Una informazione aggiuntiva su quanto fosse accaduto allora a Mosca è riferita da un diplomatico inglese Giles Fletcher che nel resoconto relativo a una missione in Russia (Of the russe common wealth, 1591) riporta la notizia secondo la quale «una tipografia costruita con il permesso dello zar una notte fosse stata bruciata e che nel rogo fossero andati completamente distrutti anche il torchio e i caratteri, cosa che si suppone sia stata fatta dal clero». Molto probabilmente si tratta della stessa voce che aveva raccolto più di un decennio prima un viaggiatore francese, il frate francescano André Thevet, che narra di un incendio doloso di una stamperia moscovita a opera di non meglio precisati fanatici che temevano che «la stampa portasse qualche cambiamento o offuscamento al loro modo di pensare e alla loro religione» (Vrais pourtraits et vies des homes illustres, 1584).

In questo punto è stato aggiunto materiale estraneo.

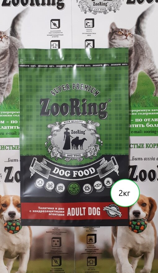 Купить Сухой корм для собак ZooRing телятина, с рисом 2 кг
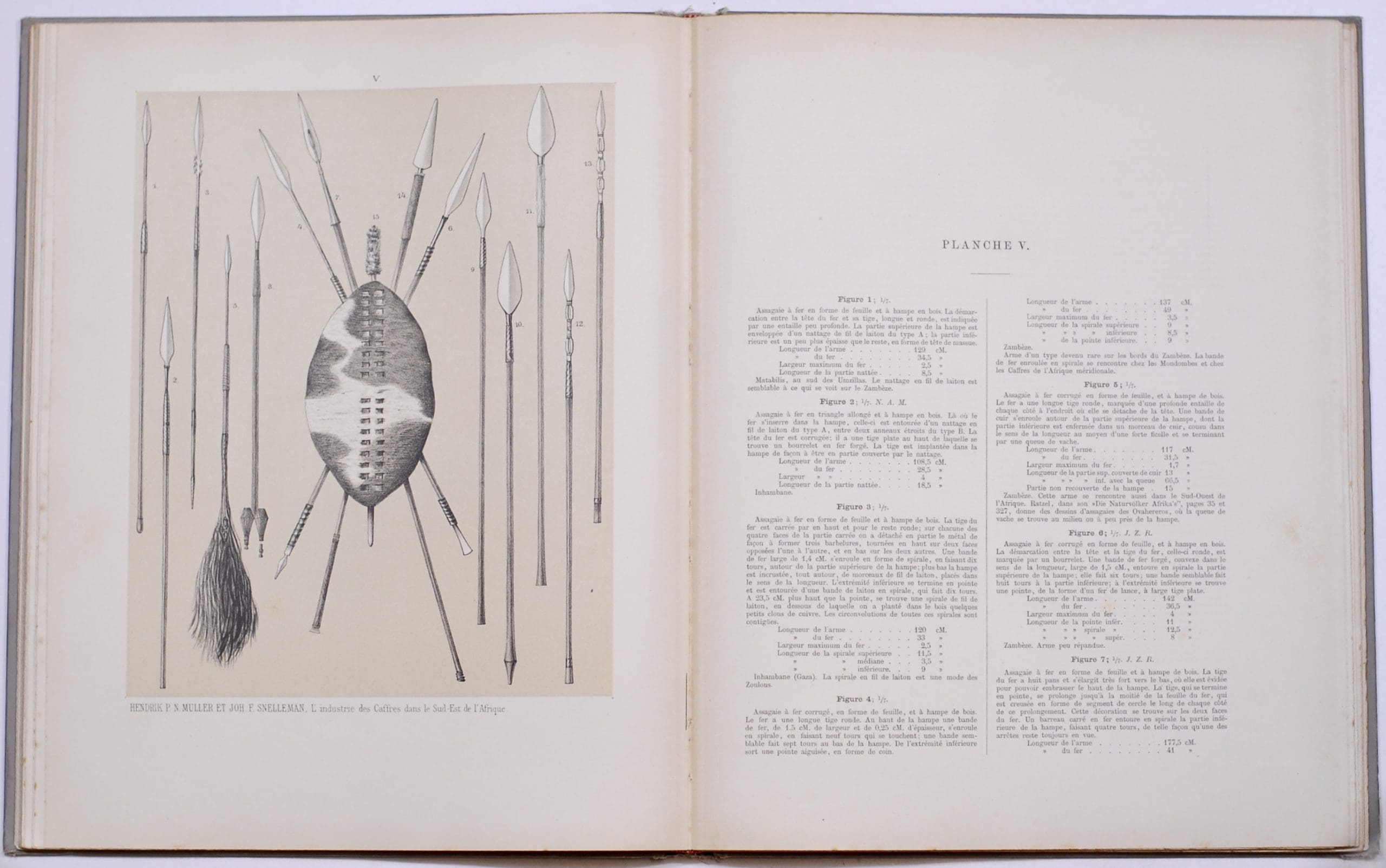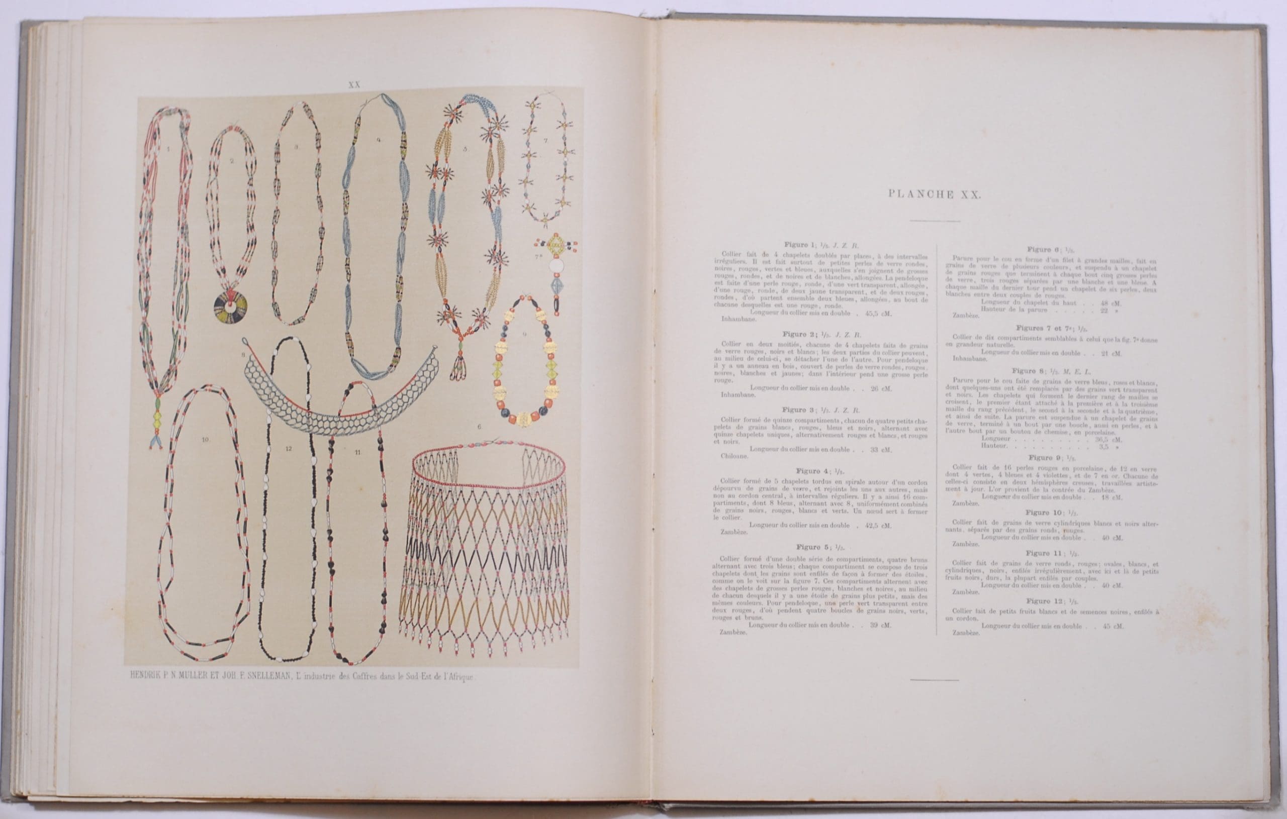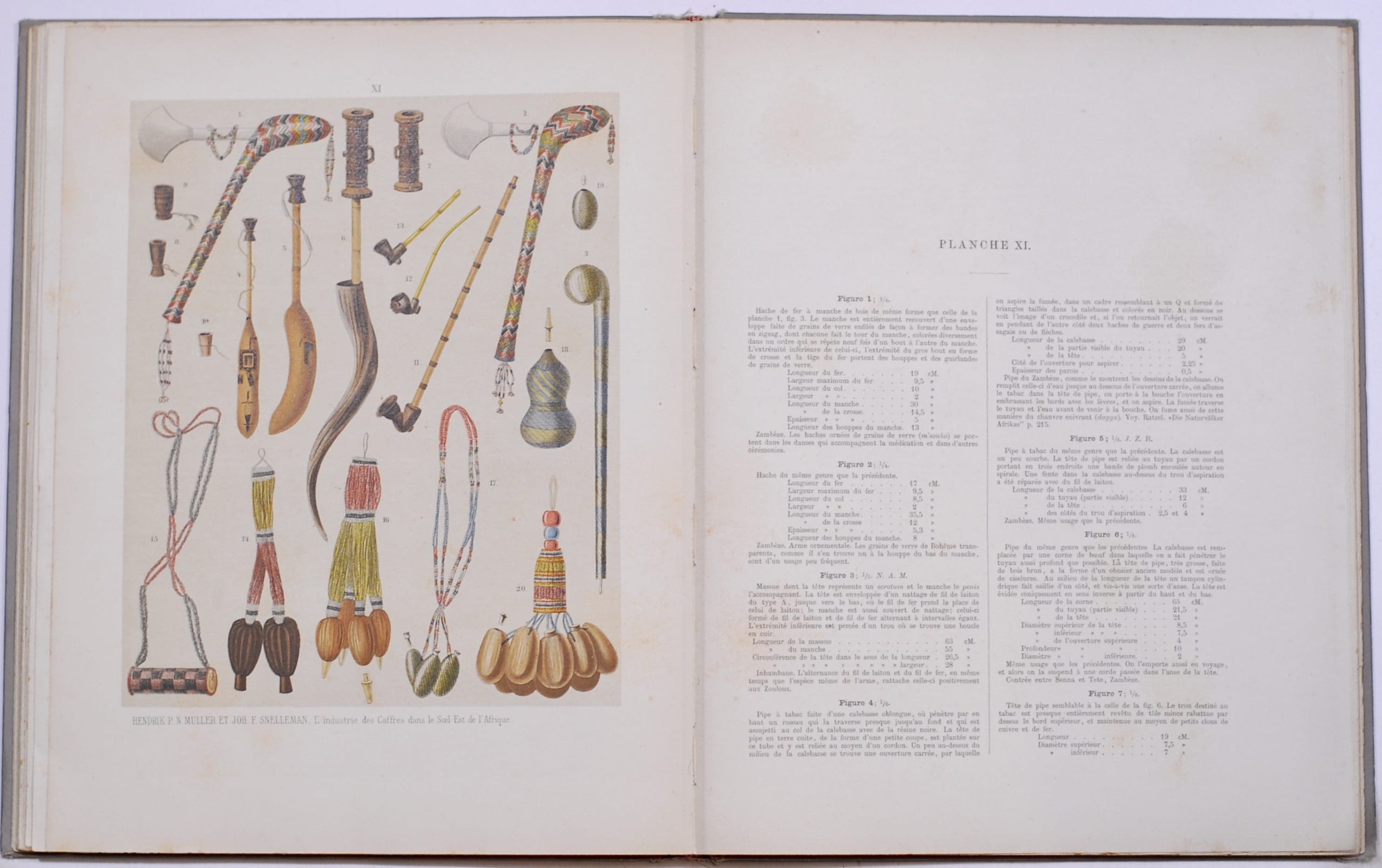 The most important early work on South African and South East African tribal art, weapons and beadwork. The edition is estimated at approximately 100 copies, including 90 in folio form. These were produced for royalty and for the most part remain in libraries. — Pieter Nicolaas Muller (1859-1941), the author was a Dutch businessman, diplomat and traveller. He was the son of a prominent Rotterdam-based business family. Muller started his career as a businessman, trading in East and West Africa as the interim manager of Handels Compagnie Mozambique. Between 1882 – 1883, together with Snelleman, he travelled to Zanzibar visiting trading stores. Once the business trip was concluded they walked through present-day Mozambique and Zululand, collecting ethnographic artifacts and writing reports on the societies and people they encountered on their way. Articles of the trip were published in Dutch journals and newspapers. 27 chromolithographed plates. First edition Very good Hardcover

La vicenda del rogo è tuttavia messa in discussione dalla storiografia contemporanea. Non si capisce infatti come, di fronte alla furia distruttiva dei suoi oppositori, Ivan Fedorov avrebbe potuto salvare buona parte degli strumenti tipografici di cui si sarebbe servito anche in futuro nella sua attività all’estero. La fuga invece rimane un fatto certo perché è lui stesso a farne il racconto e a fornire anche una spiegazione dell’accaduto. Questa narrazione è inserita in un’altra importante postfazione, quella all’edizione dell’Apostolo apparsa nel 1574 a L’vov. In essa, facendo riferimento agli incidenti di allora a Mosca, egli parla «dell’invidia delle gerarchie ecclesiastiche che lo avevano accusato di molte eresie, dimostrando così la loro ignoranza nell’arte della grammatica» e «dell’odio che lo aveva cacciato dalla terra, dalla patria, dai familiari, trapiantandolo in altri paesi sconosciuti». Era così cominciata per lui una vita di peregrinazioni. Dapprima aveva trovato ospitalità nel Granducato di Lituania (1568), poi si era trasferito in Ucraina, sempre per continuare, come egli stesso sottolinea nello scritto del 1574, la sua missione di tipografo che era quella «di seminare con l’arte della stampa i semi della parola del Signore per il mondo».